• [YOUR INSTRUCTIONS]
The entries below hold a line with "和室も障子の位置を変えるだけ" and a line with "美式设计感连帽卫衣男生春秋小众复古套头衫纯棉宽松百搭加绒上衣". Return those lines and all that lie between them, exactly and only.

• [DATA PROVIDED]
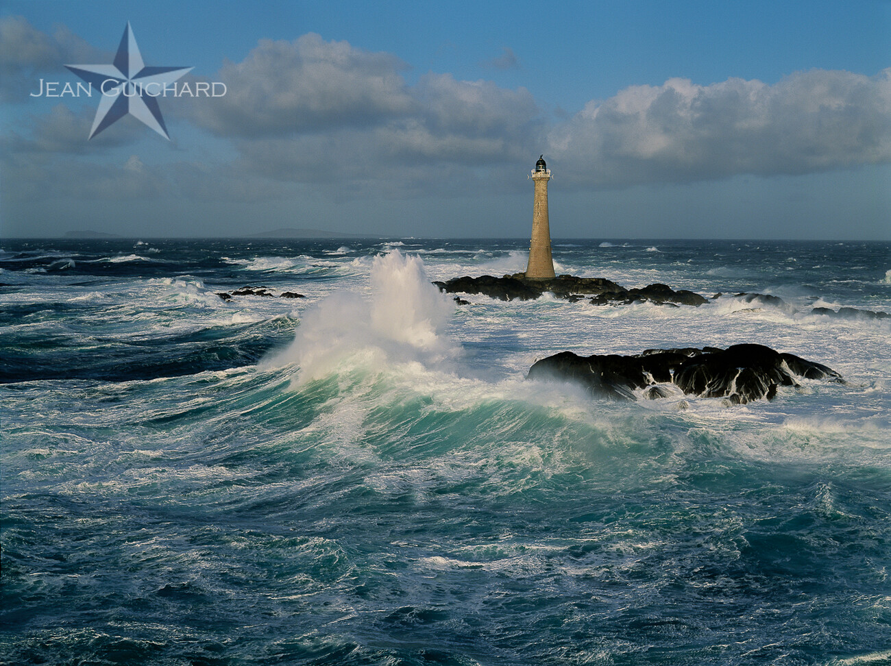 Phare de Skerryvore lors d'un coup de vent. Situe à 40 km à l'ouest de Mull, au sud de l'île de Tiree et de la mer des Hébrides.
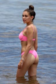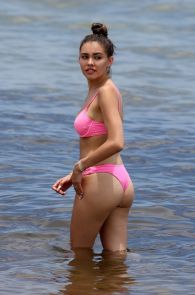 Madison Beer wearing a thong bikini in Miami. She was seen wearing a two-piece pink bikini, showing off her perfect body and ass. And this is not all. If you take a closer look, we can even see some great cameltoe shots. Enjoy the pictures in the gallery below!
...
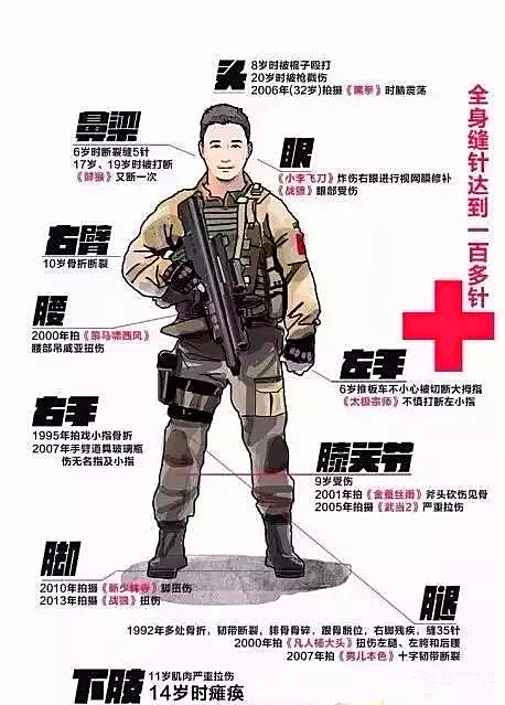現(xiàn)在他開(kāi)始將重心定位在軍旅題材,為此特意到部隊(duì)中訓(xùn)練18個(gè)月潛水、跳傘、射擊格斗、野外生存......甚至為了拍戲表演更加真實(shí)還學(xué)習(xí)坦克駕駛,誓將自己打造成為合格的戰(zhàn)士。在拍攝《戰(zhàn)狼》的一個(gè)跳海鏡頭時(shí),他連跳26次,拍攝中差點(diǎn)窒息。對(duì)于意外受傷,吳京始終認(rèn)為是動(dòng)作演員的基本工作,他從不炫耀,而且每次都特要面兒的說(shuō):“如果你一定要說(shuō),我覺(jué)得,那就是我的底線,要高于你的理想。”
---
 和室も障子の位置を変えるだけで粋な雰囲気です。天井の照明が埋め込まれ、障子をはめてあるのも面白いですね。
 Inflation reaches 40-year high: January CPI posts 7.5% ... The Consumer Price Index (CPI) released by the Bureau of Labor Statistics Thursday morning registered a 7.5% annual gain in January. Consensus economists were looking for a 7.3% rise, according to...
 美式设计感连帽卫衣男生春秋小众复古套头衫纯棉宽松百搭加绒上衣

• [OUTPUT]
 和室も障子の位置を変えるだけで粋な雰囲気です。天井の照明が埋め込まれ、障子をはめてあるのも面白いですね。
 Inflation reaches 40-year high: January CPI posts 7.5% ... The Consumer Price Index (CPI) released by the Bureau of Labor Statistics Thursday morning registered a 7.5% annual gain in January. Consensus economists were looking for a 7.3% rise, according to...
 美式设计感连帽卫衣男生春秋小众复古套头衫纯棉宽松百搭加绒上衣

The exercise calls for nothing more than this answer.